Je sors de l’hôpital Pasteur et je pleure comme un enfant ; ma mère va mourir. C’est terrible car je réalise que je ne la verrai plus jamais. Le lendemain, l’hôpital me téléphone : c’est fini. Elle est partie et m’a laissé tout seul. Je vais la voir une dernière fois sur son lit d’hôpital et je mets ma joue sur son ventre. Le monde s’écroule dans ma tête.
Ensuite ce sont les formalités pénibles qu’il faut faire et bien-sûr comme beaucoup d’autres, je vais rue de l’Hôtel de Ville pour préparer les obsèques. Je vous passe les détails, mais là je veux le plus beau pour ma mère et j’y mets le prix. Le jour du départ pour sa dernière demeure, il y a une foule immense de personnes qui sont venues à la cérémonie lui dire adieu : les musiciens de l’Opéra de Nice, ses élèves, des amis et la famille. En rentrant à la maison vide, rue de Roquebillière, je regarde son lit et l’effroi m’envahi. Je me raccroche à tout ce qui me reste d’elle, vêtements et objets, regardant autour de moi en pensant que son âme est peut-être à mes côtés. Mais il n’y a rien et je suis seul dans cette maison.

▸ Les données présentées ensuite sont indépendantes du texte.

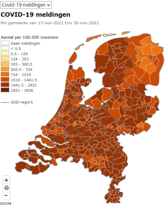Precies een jaar geleden hadden we 120 besmettingen (619/per 100000). Nu hebben we 362 besmettingen (1863/per 100000), drie keer zoveel!! (zie evtl. ons bericht van 3 december 2020).

Alors le temps passe ; les mois, les années et je me marie enfin. Puis nous avons des enfants avec tout ce que cela comporte de joies et de peines. Arrivé dans ma soixante-dix huitième année, un jour, devant la glace de la salle bains, je m’aperçois tout d’un coup que j’ai vieilli et je me dis en riant devant cette vision de « chef d’œuvre en péril », que les miroirs sont de mauvaise qualité aujourd’hui.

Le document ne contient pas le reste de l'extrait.